DSM-5 Article: The Social Construction of Diagnoses?

by John Gavazzi, PsyD, ABPP
Ethics Chair

While some may want to think that psychiatric diagnoses are objective categories that truly reflect an individual's mental, emotional, and physiological condition, there are others who view diagnoses as value-laden, socially constructed concepts that may not be the most useful tools in understanding and treating the patients with whom we work.

There is an interesting article from the Seattle Times sheds light on the social construction of DSM-V diagnoses: Key Diagnostic Deadline Draws Near for Psychiatrists and "New" DSM conditions.  Here are some highlights:

But molecular tests and brain scans based on those discoveries aren't yet ready for diagnostic use, and that leaves the authors of the upcoming book with the same problem that vexed their predecessors: how to distinguish a mental illness from the rainbow of normal human behavior.

Much of the discussion at the American Psychiatric Association meeting centered on fears that, without solid scientific evidence, additions or deletions in their new bible of mental health could do more harm than good.

"The brain is so darn complicated," said Dr. David Axelson, director of the Child and Adolescent Bipolar Services program at the Western Psychiatric Institute in Pittsburgh.

As with each edition, the controversies dogging DSM-5 center on the proposed "new" conditions. Among the questions:
Is there a distinct mood disorder that occurs in some women before their periods?
Is hoarding a brain-based illness?
Can the sorrow accompanying bereavement swell into a certifiable mental disorder?

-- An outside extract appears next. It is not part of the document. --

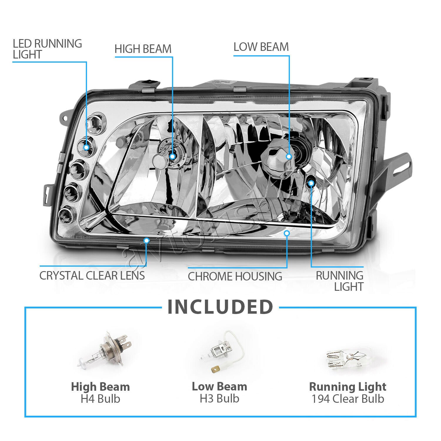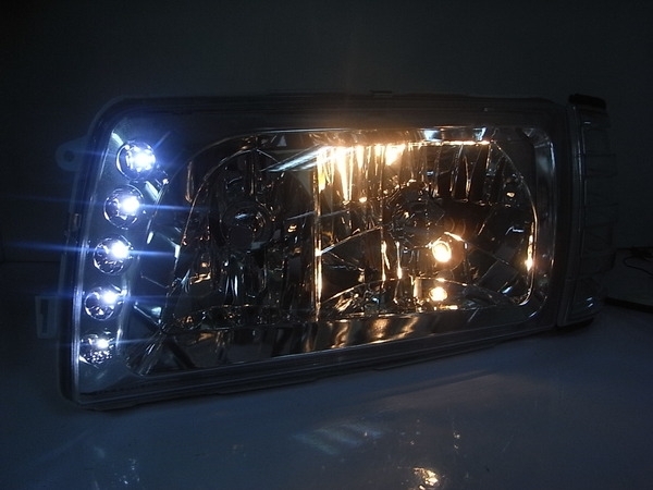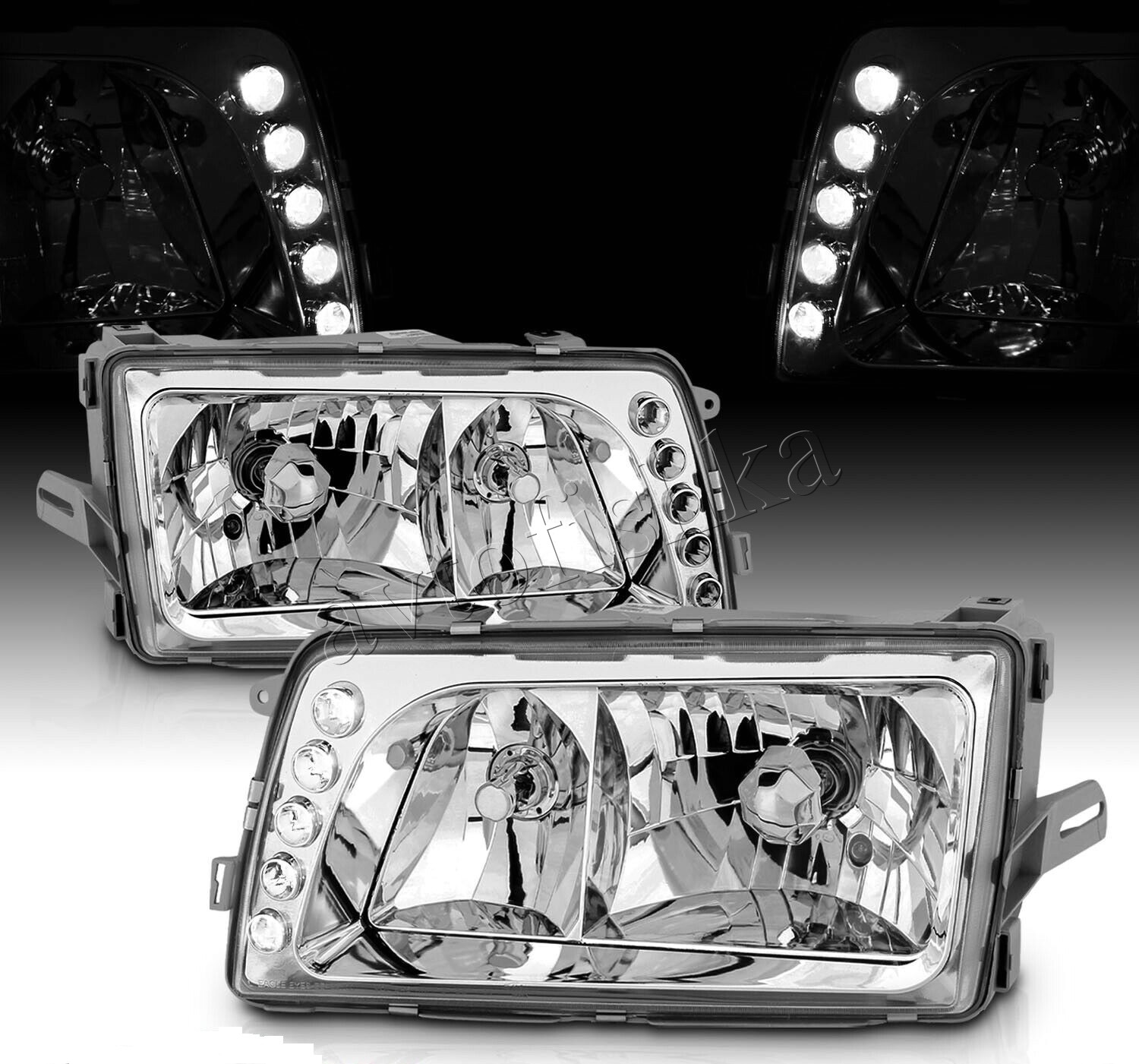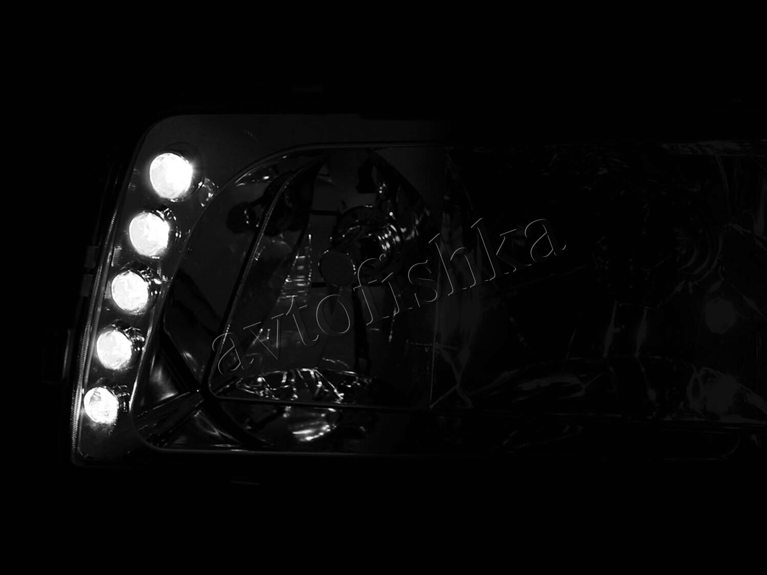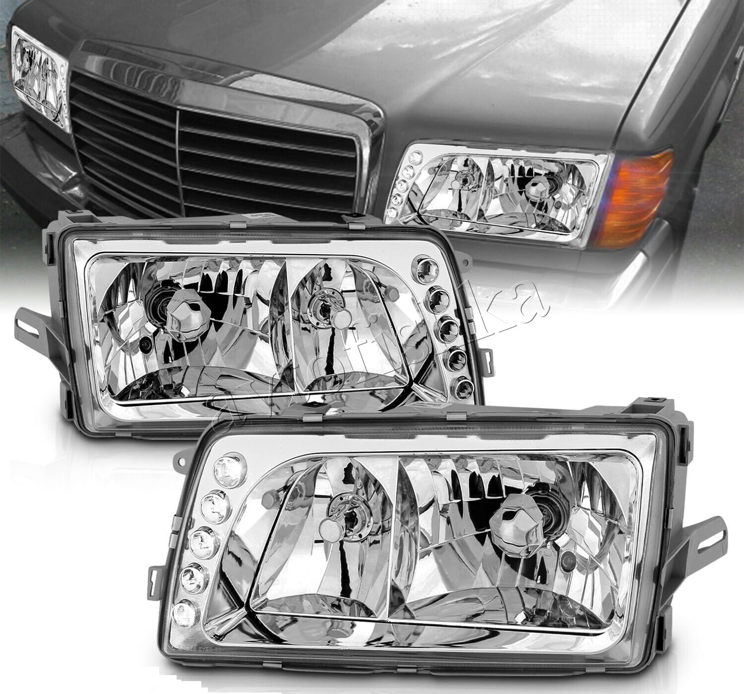 Mercedes S W126 (80-92) фары передние хромированные со светодиодными габаритными огнями, комплект 2 шт.

Even when concepts are not at issue, nomenclature sometimes is. Suggestions include replacing the word "anxiety" with "worry," and scrapping the terms "addiction," "dependence" and "substance abuse" in favor of "substance-use disorder."

"We have to be very careful about our choice of language and precise criteria," said Dr. David J. Kupfer, the DSM-5 task force chairman and director of research at Western Psychiatric Institute and Clinic. Slight word changes could translate into making a disorder much more prevalent — or much more rare, he said.
and

In another room, doctors debated whether a patient must have impaired function — such as problems in personal relationships — to qualify as having a mental disorder. "If your life is humming along just fine despite gambling 30 hours a week, do you really have a gambling addiction?" one psychiatrist asked with a note of exasperation in his voice.

Yes, a colleague responded: "The person just doesn't know he has a problem yet."

The reader can draw his or her own conclusions from the article.  For me, it is difficult to see how DSM-V can be taken too seriously as an empirically-based reference book.